The MatrixModels package is designed to fit various models (linear, non-linear, generalized) using sparse matries. The function `MatrixModels::glm4`

can easily replace `stats::glm`

for all your needs. Unlike **glmnet**, the **MatrixModels** package will not offer you model regularization.

### 14.2.4 The SparseM Package

Basic linear algebra with sparse matrices.

## 14.3 Beyond Sparsity

When you think of it, sparse matrix representations is nothing but a combo of lossless compression, with accompanying matrix algorithms. Can this combo be leveraged when matrices are not sparse? At the time of writing, I am unaware of R objects that explot this idea, but it is generally possible.

## 14.4 Apache Arrow

It is quite possible that your data contain redundancies, other than the number 0. In this case, you can still find efficient representations, but you will need something more general than CRC and the likes. Apache Arrow is a a set of C++ functions, for efficient representation of objects in memory. It can detect redundancies, and exploit them for efficient representation, but it can do much much more:

- It is the technology underlying many software suits, and is supporteb by R and Python.
- The memory representation is designed for easy read/writes into disk or network. This means that saving your file, or sending it over the network, will require very little CPU. For optimal performance save it into Apache Parquet using
`arrow::write_parquet`

, or Feather file formats, using the`arrow::write_feather()`

function. Read functions are also provided.
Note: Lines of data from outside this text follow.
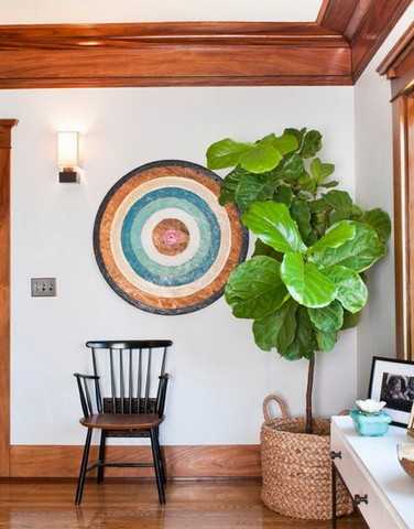 Интерьер классического, делового стиля станет более красочным, если его дополнить цветочными горшочками декорированными нитками или веревочками. Для этого емкость смазывается клеем, и обвязывается нитями, или веревочками, при этом нитки должны расположится максимально плотно между собой. При желании можно изделие украсить пуговичками, бантиками или бусинками.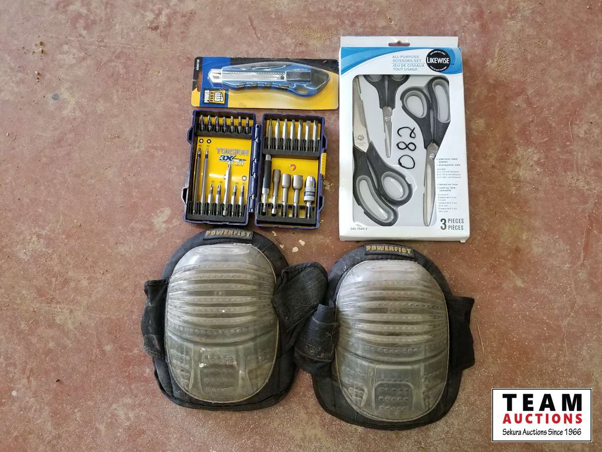 Knee pads, scissors, bits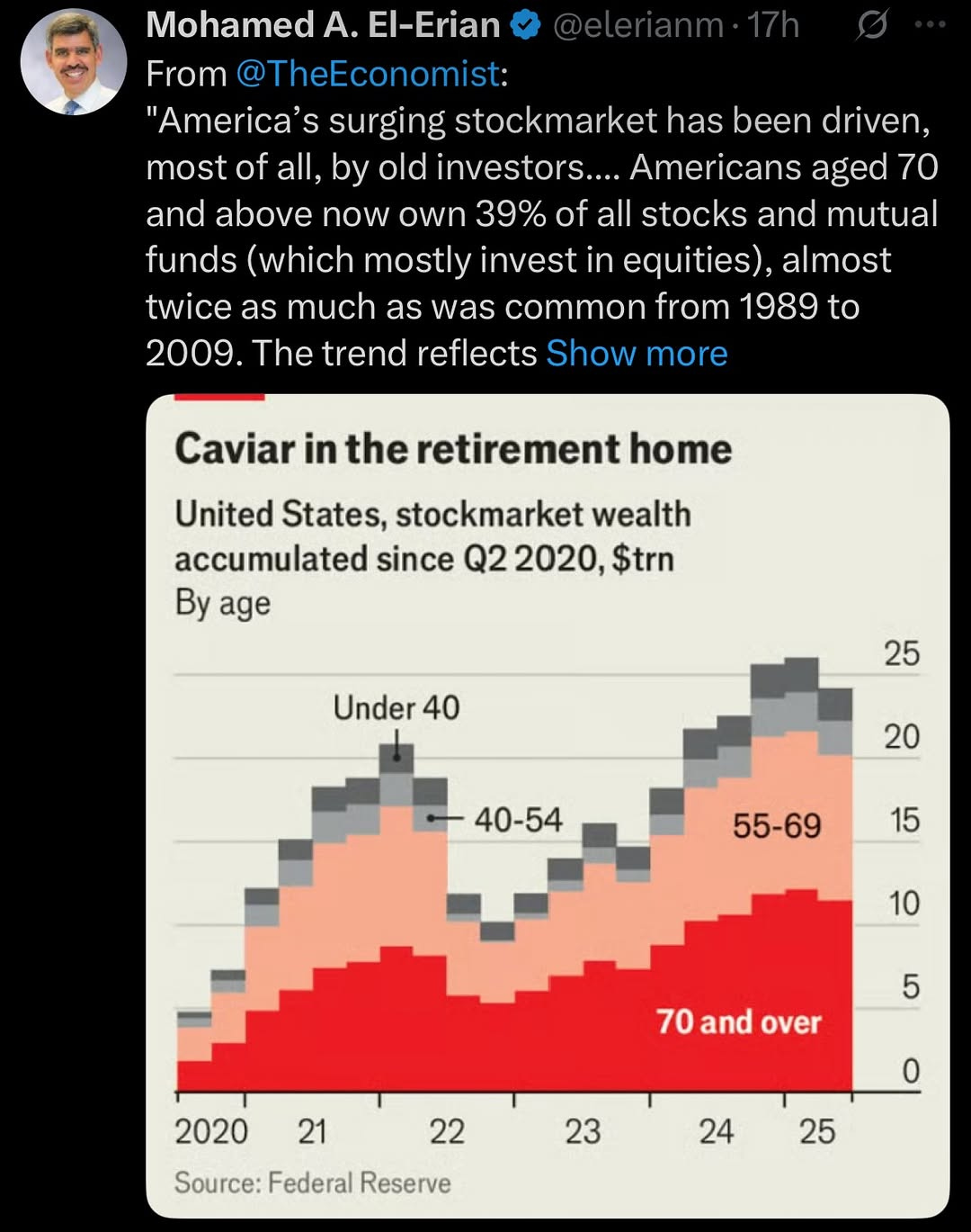 📈 Americans Aged 70+ Now Own 39% of All Stocks & Mutual Funds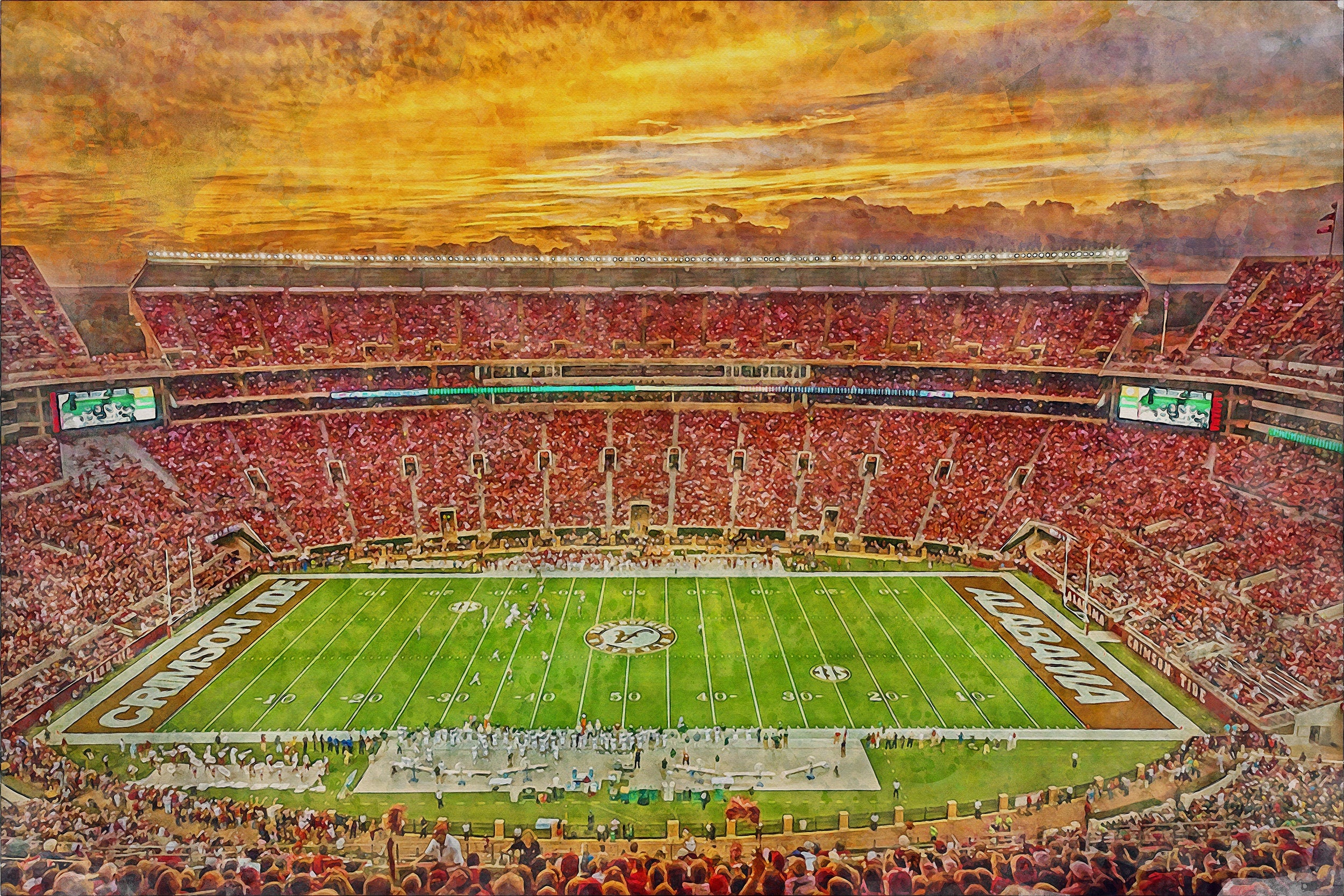 Beautiful Digital watercolor of Bryant-Denny Stadium in Tuscaloosa Alabama
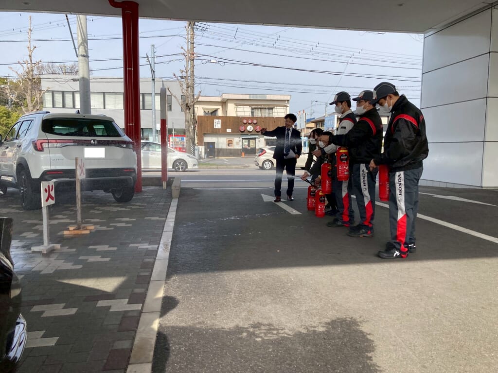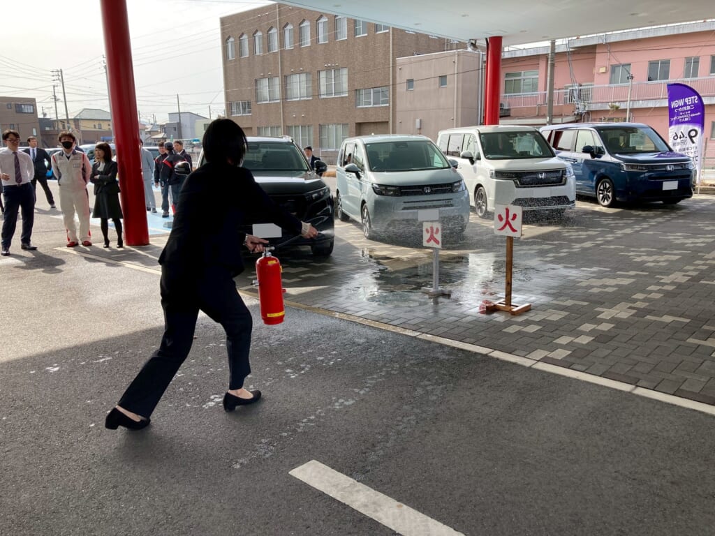 最後にお店の駐車場にて消防署から消火器を借り消火器訓練をいたしました。

Arrow is a very exciting technology, and will certainly become dominant in the near future.

## 14.5 Bibliographic Notes

The best place to start reading on sparse representations and algorithms is the vignettes of the **Matrix** package. Gilbert, Moler, and Schreiber (1992) is also a great read for some general background. See here for a blog-level review of sparse matrix formats. For the theory on solving sparse linear systems see Davis (2006). For general numerical linear algebra see Gentle (2012).

## 14.6 Practice Yourself

What is the CSC representation of the following matrix: \[\begin{bmatrix} 0 & 1 & 0 \\ 0 & 0 & 6 \\ 1 & 0 & 1 \end{bmatrix}\]

Write a function that takes two matrices in CSC and returns their matrix product.

### References

Davis, Timothy A. 2006. *Direct Methods for Sparse Linear Systems*. SIAM.

Gentle, James E. 2012. *Numerical Linear Algebra for Applications in Statistics*. Springer Science & Business Media.

Gilbert, John R, Cleve Moler, and Robert Schreiber. 1992. “Sparse Matrices in Matlab: Design and Implementation.” *SIAM Journal on Matrix Analysis and Applications* 13 (1). SIAM: 333–56.

Shah, Viral, and John R Gilbert. 2004. “Sparse Matrices in Matlab* P: Design and Implementation.” In *International Conference on High-Performance Computing*, 144–55. Springer.